Information supplied:
• • • • •

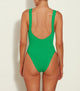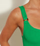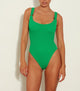 The Domino One Piece swimsuit by Hunza G is offered in their popular crinkle fabric in a one size fits most style. This vibrant Emerald color is accented by the tortoise shell detailing along the shoulder straps.
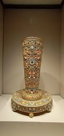 - Серебряная ваза «Сказка в металле». Серебро, чеканка, полихромная эмаль, сапфиры, турмалины, гранаты, сердолики и аметисты[10].
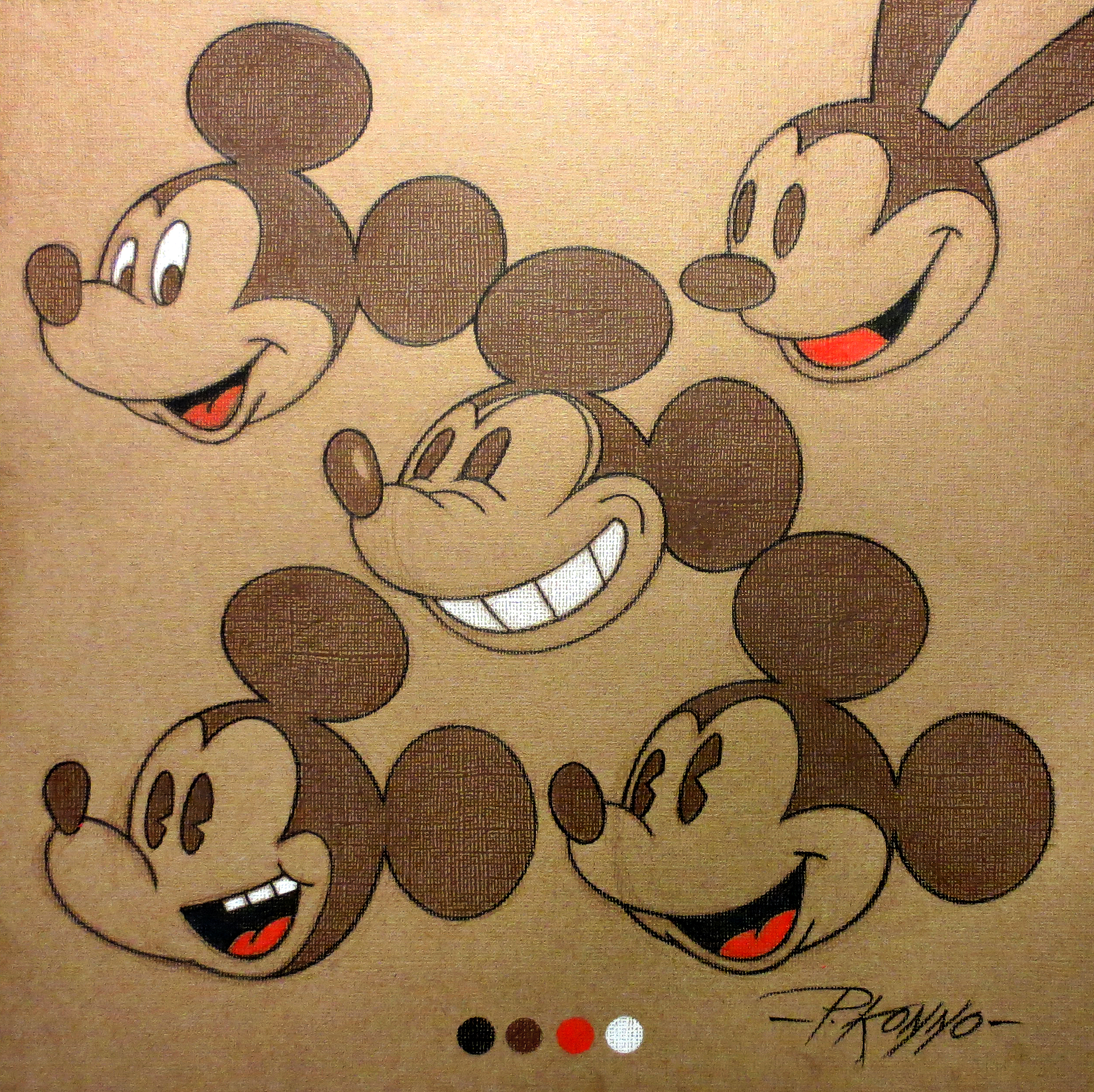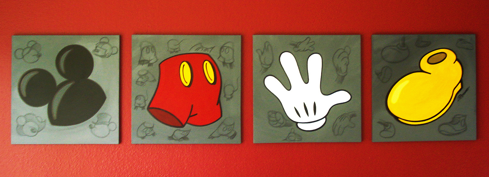 Mickey Gear – acrylics and black pencil on 20x20 inch canvases.

• • • • •

Exercise brief: Could you return exactly the lines starting with the one that contains "- Серебряная ваза" and ending with the last line of the data above? Leave the pictures out.

Task answer:
 - Серебряная ваза «Сказка в металле». Серебро, чеканка, полихромная эмаль, сапфиры, турмалины, гранаты, сердолики и аметисты[10].
 Mickey Gear – acrylics and black pencil on 20x20 inch canvases.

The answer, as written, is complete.